## Task brief
The result should be the full listing copied exactly, with no pictures in it.

## Input data
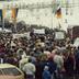 Demonstranten mit Transparenten bei der Alexanderplatz-Demonstration, der "größte[n] nicht staatlich gelenkte[n] Demonstration in der Geschichte der DDR" (
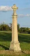 La Piéteuse, croix en pierre située sur le chemin du cimetière. Elle fut érigée en 1780 par Pierre Belval et Catherine Huguet son épouse en souvenir de leur fille décédée à 21 ans d'une épidémie de dyssentrie.
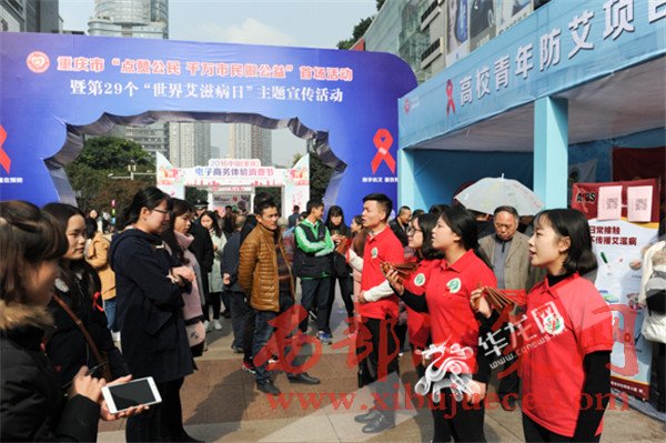 系上紅絲帶,關愛艾滋病患者。26日,在重慶市“點贊公民·千萬市民做公益”暨第29個“世界艾滋病日”主題實踐活動啟動儀式上,記者了解到,根據市衛計委提供的數據,截至10月31日,重慶報告現存活艾滋病病毒感染者和艾滋病病人31092例,其中艾滋病病毒感染者19792例,艾滋病病人11300例。
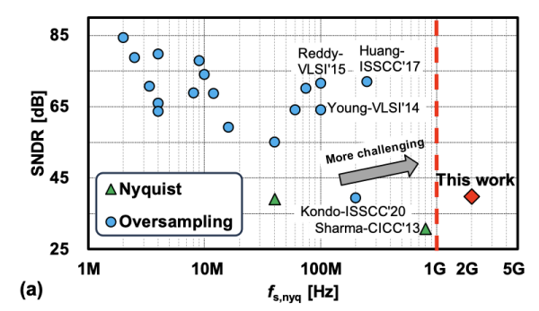随着人工智能、超高速无线、有线互联技术的发展,面向GHz级带宽信号处理的高速模数转换器需求日益迫切。同时,先进的互补金属氧化物半导体工艺正向低电压、高集成度方向演进,传统依赖模拟放大器的模数转换器架构,在速度、功耗和工艺可扩展性等方面面临挑战。因此,基于压控振荡器的模数转换器(VCO-based ADC)凭借高度数字化、结构简洁、适配先进工艺的优势,成为实现高性能数据转换的重要技术方向,但其工作频率难以突破GHz级瓶颈,制约了进一步发展。

## Answer area
 Demonstranten mit Transparenten bei der Alexanderplatz-Demonstration, der "größte[n] nicht staatlich gelenkte[n] Demonstration in der Geschichte der DDR" (
 La Piéteuse, croix en pierre située sur le chemin du cimetière. Elle fut érigée en 1780 par Pierre Belval et Catherine Huguet son épouse en souvenir de leur fille décédée à 21 ans d'une épidémie de dyssentrie.
 系上紅絲帶,關愛艾滋病患者。26日,在重慶市“點贊公民·千萬市民做公益”暨第29個“世界艾滋病日”主題實踐活動啟動儀式上,記者了解到,根據市衛計委提供的數據,截至10月31日,重慶報告現存活艾滋病病毒感染者和艾滋病病人31092例,其中艾滋病病毒感染者19792例,艾滋病病人11300例。
随着人工智能、超高速无线、有线互联技术的发展,面向GHz级带宽信号处理的高速模数转换器需求日益迫切。同时,先进的互补金属氧化物半导体工艺正向低电压、高集成度方向演进,传统依赖模拟放大器的模数转换器架构,在速度、功耗和工艺可扩展性等方面面临挑战。因此,基于压控振荡器的模数转换器(VCO-based ADC)凭借高度数字化、结构简洁、适配先进工艺的优势,成为实现高性能数据转换的重要技术方向,但其工作频率难以突破GHz级瓶颈,制约了进一步发展。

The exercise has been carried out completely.